Another example of a redirect - from a specific directory inside the site:
Redirect /dir2 http://www.anothersite.ru/dir2
Instead of the Redirect directive we use RedirectMatch directive. The difference is that instead of specifying the address from which to redirect, a regular expression is specified.
RedirectMatch (.*)\.gif$ http://mysite.ru/$1.png
Redirects all requests to .gif - to files of the same name, but with the extension .png, located at mysite.ru/
Another example:
RedirectMatch (.*\.jpg)$ http://mysite/$1
RewriteEngine On
RewriteCond %(HTTP_HOST) ^www\.old_site\.ru$
RewriteCond %(HTTP_HOST) ^old_site\.ru$
RewriteRule ^(.*)$ http://new_site.ru/$1
Show different pages depending on the user's IP address
SetEnvIf REMOTE_ADDR 192.168.0.1 REDIR="redir"

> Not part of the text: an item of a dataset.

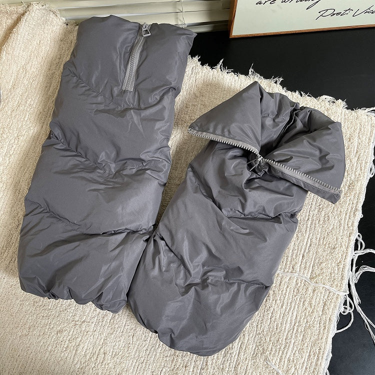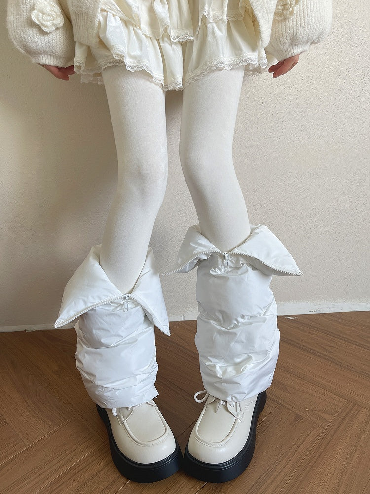 White/Gray/Black Large Turn-Down Collar Zipper-Designed Puffer Leg Warmers

RewriteCond %(REDIR) redir
RewriteRule ^/$/another_page.html
Instead of 192.168.0.1 we insert our value.
Substitution of the start page
DirectoryIndex another_file.php
Essentially, here we are replacing the DirectoryIndex directive specified in the httpd.conf or apache.conf file.
Replacing error pages
ErrorDocument 403 /error403.html
ErrorDocument 404 /error404.html
Thus, when, for example, a 404 error occurs, the browser will not display its page, but will try to load a stylized page from the site.

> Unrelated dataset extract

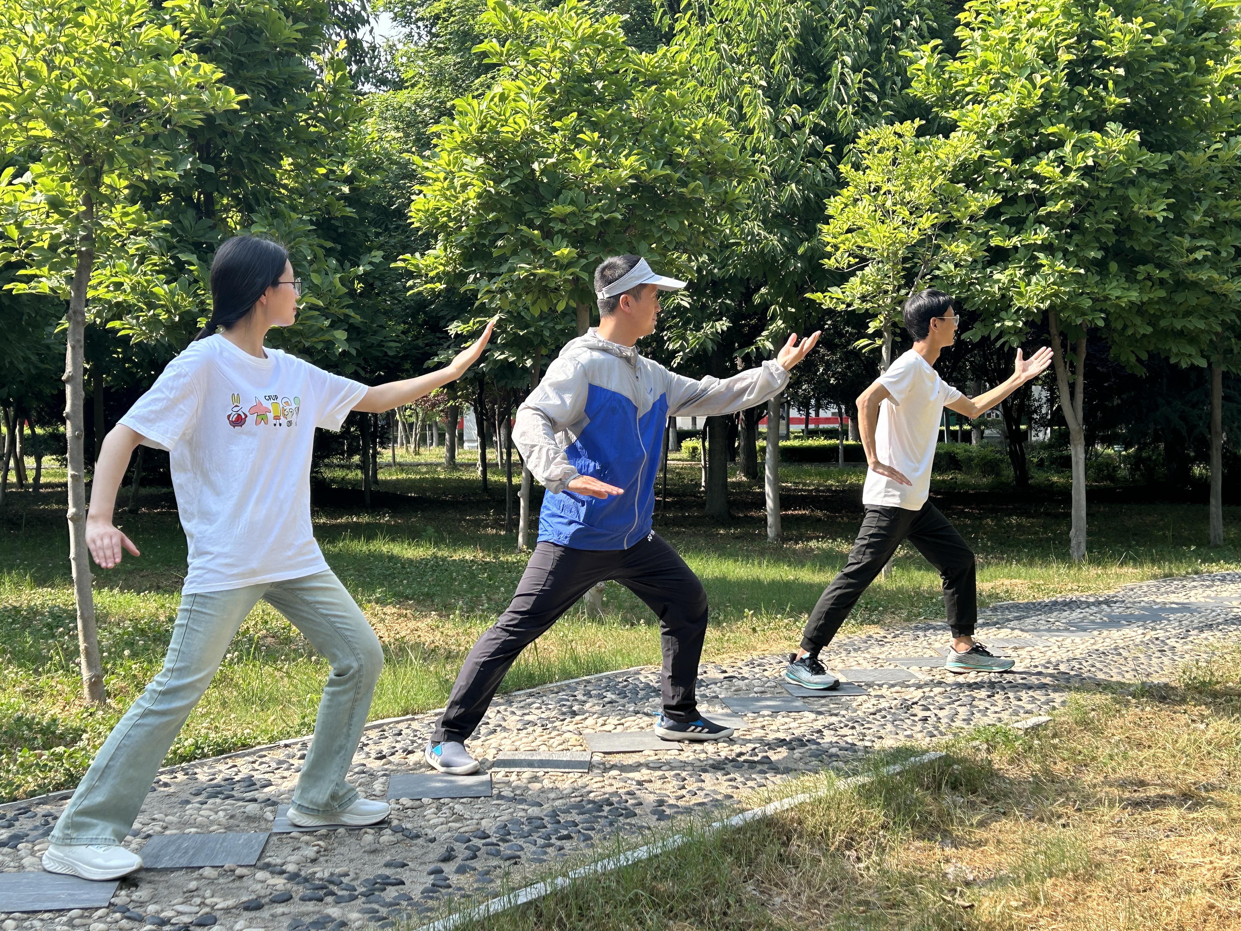 这张照片定格了校园里温馨的一幕。体育老师与我们正在一起打太极。老师动作标准,身姿矫健,耐心地指导着我们。我们全神贯注,认真学习,在一招一式中,展现着对太极的热爱,也传递着我们共同运动的和谐与美好。

Make it impossible to display a list of files in directories without an index file
Options -Indexes
Thus, the user will not be able to display the content of a directory where there is no index file (and in a directory where there is an index file, he cannot do this by default).
Specifying the displayed encoding
You can tell the browser what encoding the files are sent to it in. This will reduce the likelihood of errors in automatic detection encodings, if files are transferred in one, and for some reason the browser starts displaying them in another.

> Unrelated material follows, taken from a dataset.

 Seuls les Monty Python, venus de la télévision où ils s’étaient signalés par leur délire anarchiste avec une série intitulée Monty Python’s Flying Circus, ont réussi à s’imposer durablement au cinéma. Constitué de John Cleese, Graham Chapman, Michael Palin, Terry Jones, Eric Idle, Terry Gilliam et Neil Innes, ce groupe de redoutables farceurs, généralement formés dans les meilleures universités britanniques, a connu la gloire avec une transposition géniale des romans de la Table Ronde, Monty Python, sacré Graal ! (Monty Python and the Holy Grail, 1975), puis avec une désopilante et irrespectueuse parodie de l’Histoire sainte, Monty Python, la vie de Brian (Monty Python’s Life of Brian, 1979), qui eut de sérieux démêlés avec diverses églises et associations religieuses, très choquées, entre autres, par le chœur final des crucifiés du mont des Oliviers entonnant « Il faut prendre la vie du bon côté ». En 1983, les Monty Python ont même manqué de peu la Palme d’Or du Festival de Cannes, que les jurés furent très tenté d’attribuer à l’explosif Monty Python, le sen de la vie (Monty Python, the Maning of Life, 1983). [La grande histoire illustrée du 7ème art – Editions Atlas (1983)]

AddDefaultCharset windows-1251
Specifying auto-conversion of encoding of downloaded files
When uploading files to the site, they will be automatically converted to the specified encoding.
CharsetSourceEnc koi8-r
Adding MIME Handlers
AddType "text/html" .myext
AddType "application/x-rar-compressed" .rar
This way we can add directives to our site that are not described in the global Apache config.
Blocking certain User-Agents (web browsers, bots and robots)
Here is a piece of the .htaccess file in which several User-Agents (web browsers; bots, actually) are blocked.
SetEnvIfNoCase User-Agent "^Titan" bad_bot
SetEnvIfNoCase User-Agent "^Wget" bad_bot
SetEnvIfNoCase User-Agent "^SiteSnagger" bad_bot
SetEnvIfNoCase User-Agent "^WebAuto" bad_bot
SetEnvIfNoCase User-Agent "^NetAnts" bad_bot
SetEnvIfNoCase User-Agent "^WebZip/4.0" bad_bot
SetEnvIfNoCase User-Agent "^httplib" bad_bot
Order Allow, Deny
Allow from all
Deny from env=bad_bot
The list of “bad” User-Agents here is very small and is given only as an example.
PHP Settings
In addition to the httpd.conf and apache.conf variables, we may also need to change the values specified in php.ini php settings. .htaccess file allows you to do such nice things. The php_value and php_flag directives are used for this.
The difference between php_value and php_flag: the first directive assigns a specific value to the setting:
php_value
and the second one turns the boolean setting on or off:
php_flag
ATTENTION! You cannot use php_admin_flag and php_admin_value in a .htaccess file!
For example, code
php_flag magic_quotes_gpc 0
php_flag magic_quotes_runtime 0
will turn off automatic data escaping in PHP (turn off MagicQuotes), and the code
php_value memory_limit 64M
will override the value maximum quantity memory allocated for the site.
These values override the values defined in the php.ini file or define them if they were not set by the hosting server administrator. There is no point in listing the entire list of PHP settings here - it can be found in the documentation for php needed Versions for you.
Rewrite module
The Apache server includes the Rewrite module. Despite the fact that it is used in the .htaccess file, we will not describe it now, because This is a separate topic worthy of a separate article.
Relevant for: Apache 2.x
This is not all that can be done with the .htaccess file. There are a lot of specific examples on the Internet; the most frequently needed examples are collected here.